War Heroes Became Deserters and War Whores Turned Into Singing Babushkas: Displaced Persons and Gender in Cold War Belgium
Guest Lecturer Machteld Venken
In the aftermath of the Second World War, many displaced persons moved to Belgium, including soldiers who had fought in a Polish armoured division with the Allied forces and former female forced labourers from the Soviet Union. These immigrant men and women married Belgian citizens. The presentation describes how Machteld Venken researched and compared the migrants’ attempts to give meaning to their war experiences in post-war life, as well as the various processes they used to understand and articulate what they had been through.
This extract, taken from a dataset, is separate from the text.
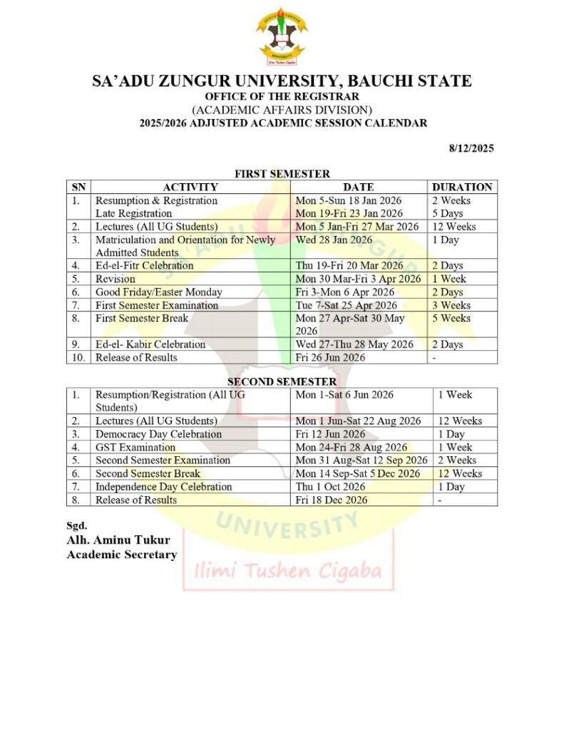 RELEASE OF SUPPLEMENTARY ADMISSIONS (UNDERGRADUATE PROGRAMMES) LIST FOR 2024/2025 ACADEMIC SESSION: INVITATION FOR PHYSICAL SCREENING Admissions, General / 11/01/2025 / By adamnoma@sazu.edu.ng

As the author found out, these processes were shaped not only by the characteristics of the war experiences themselves, but also by the changing positions these migrants held within their home and host societies. Adopting the perspective of these newcomers to Belgium, this transnational and comparative study examines how they gathered in groups in order to remember their war experiences, and how they were integrated into, and/or excluded from, their home and host societies over time.
About the Author
Machteld Venken is a Professor of Contemporary Transnational History at the Luxembourg Centre for Contemporary and Digital History (C²DH). She studied Slavic Languages and Cultures, European Studies and History in Belgium, Poland and Ukraine. Venken obtained her PhD in 2008 at the Katholieke Universiteit Leuven in Belgium and her accreditation to supervise research in 2018 at the University of Vienna in Austria. She has been a Principal Investigator of eight funded research projects in four European countries. Venken joined the University of Luxembourg in November 2019 after a Visiting Scholarship at the Imre Kertesz Kolleg/Institute of Advanced Studies at the Friedrich Schiller University of Jena in Germany and an Attract Brains for Brussels Fellowship at the Vrije Universiteit Brussels in Belgium. Her main research interests are transnational, transregional and comparative histories of Europe, migration, borderlands, oral history, the history of families and children, and citizen science.